Discovering Warren Buffet’s Secret

November 28, 2012 in Briefs

During my trip to South Africa and Australia last year, my business partner Bill Bonner and I had a conversation that should interest you. For those of you who don’t know, Bill and I worked together to found Agora publishing.

We were speaking about our company’s future. Right now, Agora is a $400-plus million publishing business with high profitability and good growth. By any conventional standards, it is a great business. But Bill is not satisfied. His goal is to make Agora a business that will last a hundred years. Very few businesses are able to do that.

To accomplish Bill’s goal, Agora will have to develop what Warren Buffet calls a “long-term, durable competitive advantage.”

Coca-Cola is a perfect example of what I’m talking about. Coca-Cola has been selling the same product since 1892. It spent money inventing its core product over one hundred years ago. Today, it spends very little money on research and development. It also has low manufacturing costs, since the machinery required to make Coke rarely needs updating.

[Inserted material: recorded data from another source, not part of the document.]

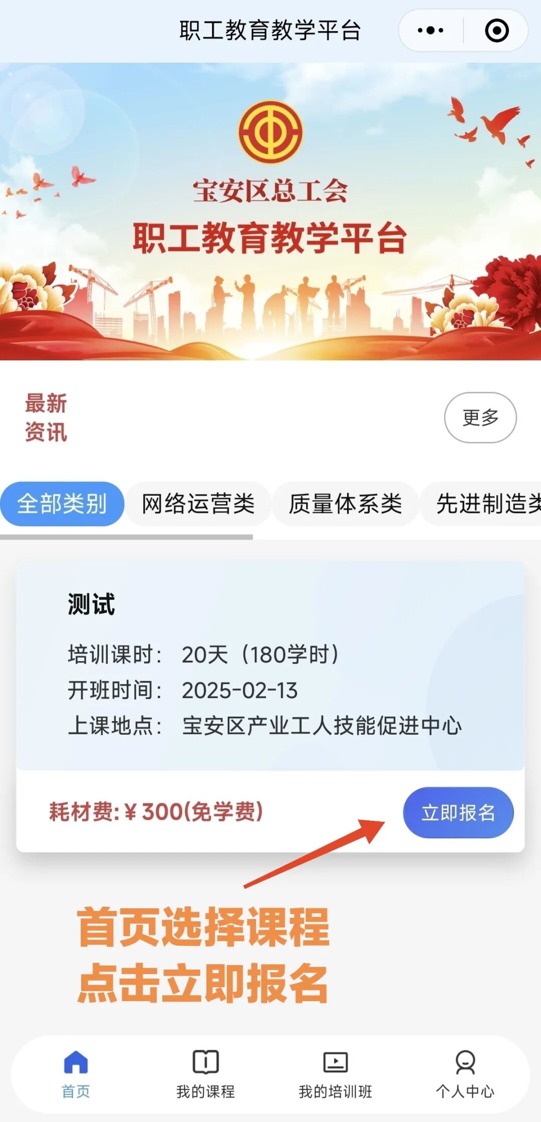1.2025年技能培训课程,按照季度发布课程招生通知,请大家持续关注“宝工产促”微信小程序。
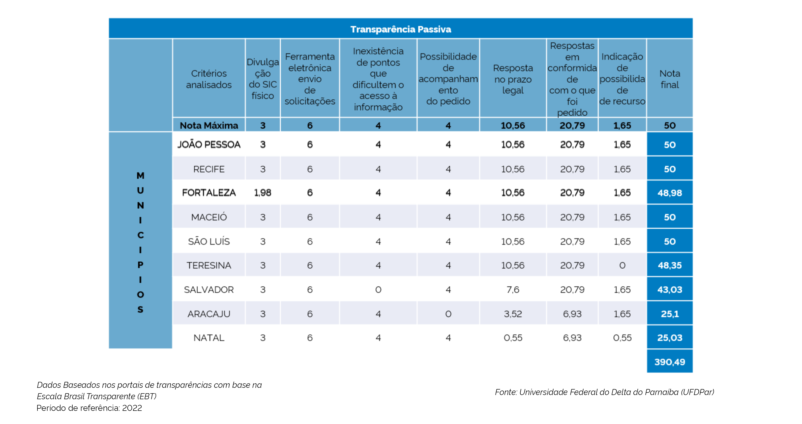 Um estudo realizado pela Universidade Federal do Delta do Parnaíba (UFDPar) apresentado em julho de 2024, elaborou um ranking de transparência das nove capitais nordestinas avaliando e descrevendo o nível de transparência pública. O trabalho de conclusão de curso orientado pelos professores do curso de Ciências Contábeis, Ana Clara Batista Sampaio, Mestra em Gestão Pública, e Alex Ferreira Lopes, Mestre em Ciências Contábeis, analisou informações disponibilizadas pelos portais de transparência com base na Escala Brasil Transparente (EBT), uma ferramenta gerida pela Controladoria-Geral da União (CGU) que permite a sociedade acompanhar o uso dos recursos públicos.
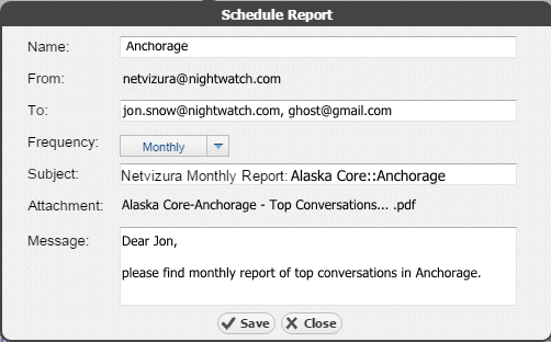 Existing reports are further managed in NetFlow Settings > Reports where scheduled reports can be edited, removed or cloned.
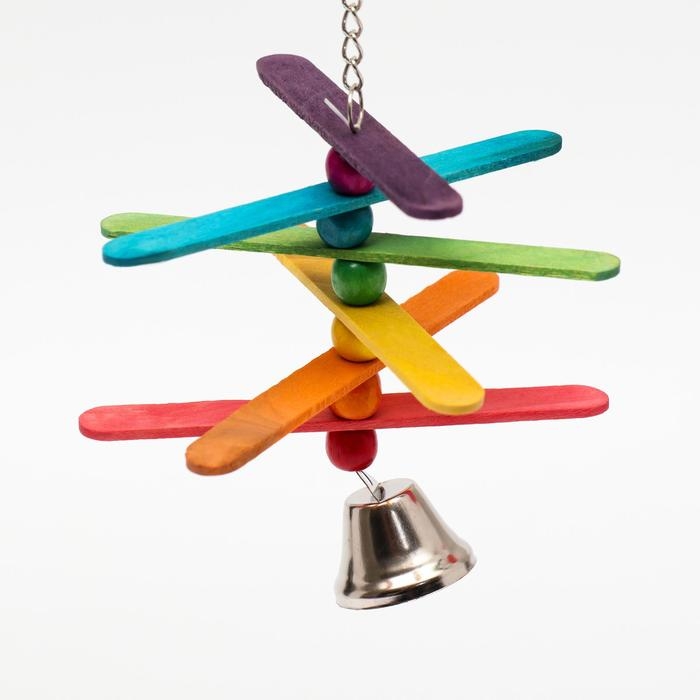 Игрушка - лучшее развлечение и элемент физического развития вашего пернатого друга. Эта игрушка отлично подойдет для домашних животных. Висит на клетке, удобно для них играть и жевать. Привлекательный и забавный, креативный, колокольчик издаст звук и привлечет их внимание.

These factors give Coca-Cola a big, long-term advantage. They can devote all the money they don’t spend on research, development, and manufacturing to marketing. That is how Coca-Cola stays way ahead of its competition.

This got me thinking about investing. Coca-Cola is one of the companies that Warren Buffet invested in many years ago. After losing money by investing in some speculative opportunities, Buffett realized he would be much better off investing in businesses that were more established and had distinct competitive advantages—businesses like Coca-Cola, Kraft Foods, and American Express. Berkshire Hathaway, his holding company, owns these kinds of companies. He buys them and holds them. If their share prices drop, he doesn’t sell them. He buys more shares. His goal is not year-by-year profits, but owning more and more shares of great companies.

This strategy is very different from what most professional investors use. Yet, it works. In fact, it works very well. Everyone acknowledges that Buffet is the most successful investor in history.